YOUR TASK:
Each entry is to be retyped exactly as it appears. Leave the images out.

SUPPLIED MATERIAL START

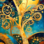 A vibrant, abstract artwork featuring a fox peering through a swirling tree. The rich colors of gold, blue, and orange create a whimsical and enchanting atmosphere. Original Prompt:
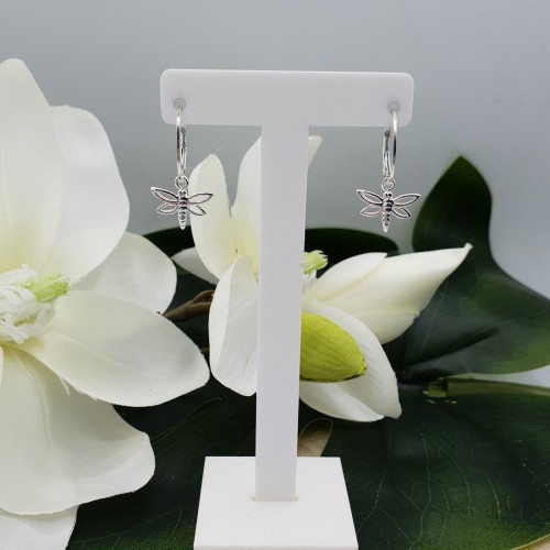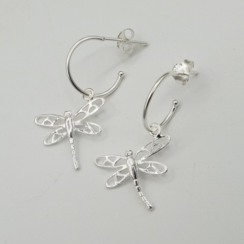 925 Sterling zilveren halve creolen met libellen hanger.
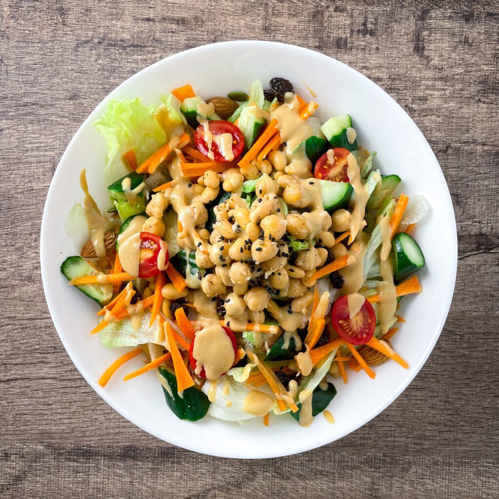 將所有新鮮食材洗淨,瀝乾,放入大碗中,再撒上鷹嘴豆,備用
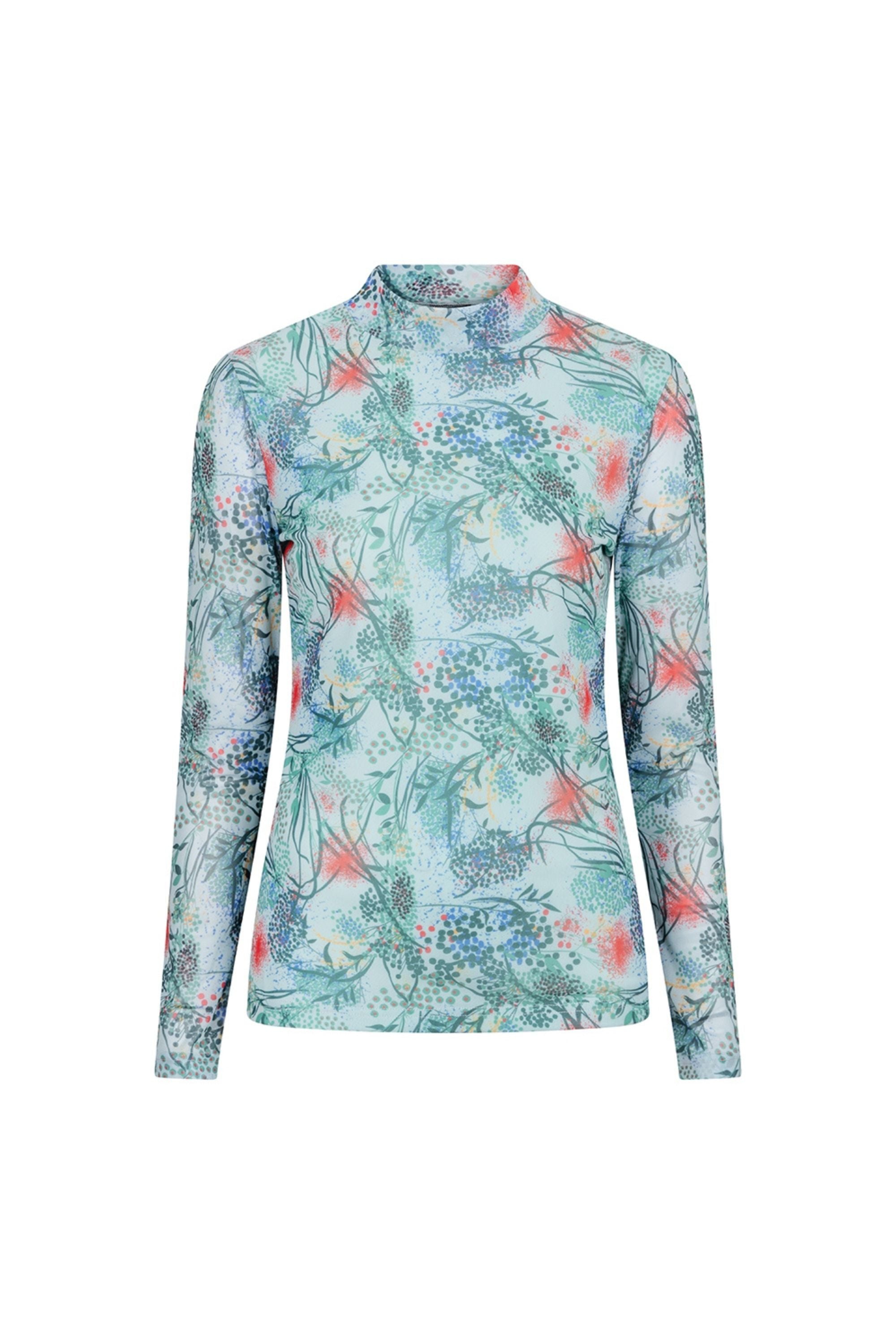Mesh top Mia, an absolute must-have for the fashionable woman during summer days. This top offers ultimate airiness and style in one. The semi-transparent fabric of the mesh top Mia features a colorful print that immediately attracts attention. With a light lining, this top is both trendy and comfortable to wear. The long sleeves and high round neck add a touch of elegance to the design. Made of a wonderful stretch quality, the top adapts perfectly to your body. The colorful print in soft shades of green provides a playful and summery look. Combine this airy top with high-waisted jeans, a skirt or shorts for an effortlessly trendy outfit. Wear it to the beach during the day or dress it up for a night out.
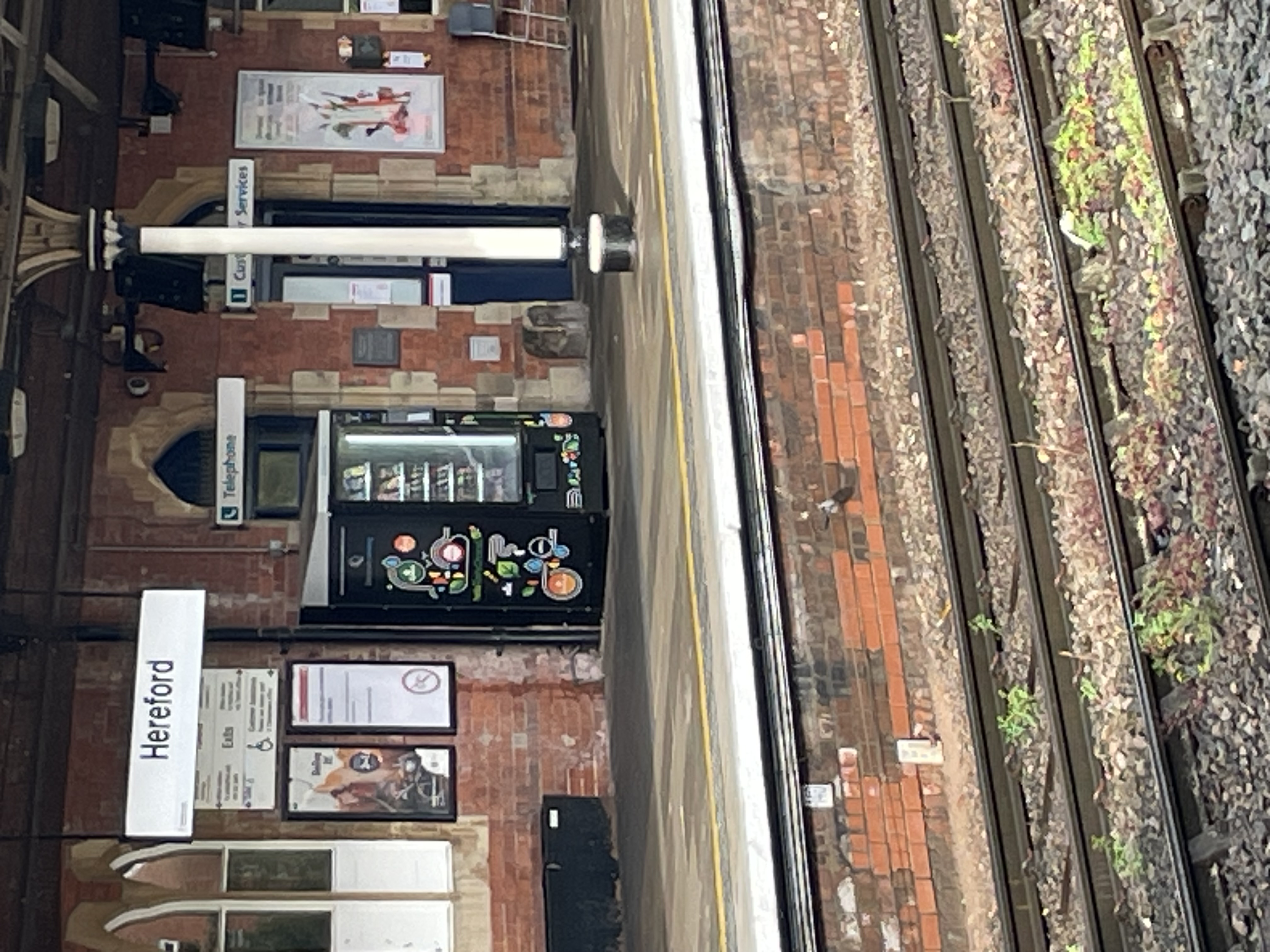 The then phot shows in the background the Wymans kiosk - almost every station of any size had either a Wymans or a WH Smith kiosk selling tobacco products, newspapers and confectionery. Almost all have now gone except for the vary large stations - many replaced by a vending machine as at Hereford.

SUPPLIED MATERIAL END

EXERCISE SOLUTION:
 A vibrant, abstract artwork featuring a fox peering through a swirling tree. The rich colors of gold, blue, and orange create a whimsical and enchanting atmosphere. Original Prompt:
 925 Sterling zilveren halve creolen met libellen hanger.
 將所有新鮮食材洗淨,瀝乾,放入大碗中,再撒上鷹嘴豆,備用
Mesh top Mia, an absolute must-have for the fashionable woman during summer days. This top offers ultimate airiness and style in one. The semi-transparent fabric of the mesh top Mia features a colorful print that immediately attracts attention. With a light lining, this top is both trendy and comfortable to wear. The long sleeves and high round neck add a touch of elegance to the design. Made of a wonderful stretch quality, the top adapts perfectly to your body. The colorful print in soft shades of green provides a playful and summery look. Combine this airy top with high-waisted jeans, a skirt or shorts for an effortlessly trendy outfit. Wear it to the beach during the day or dress it up for a night out.
 The then phot shows in the background the Wymans kiosk - almost every station of any size had either a Wymans or a WH Smith kiosk selling tobacco products, newspapers and confectionery. Almost all have now gone except for the vary large stations - many replaced by a vending machine as at Hereford.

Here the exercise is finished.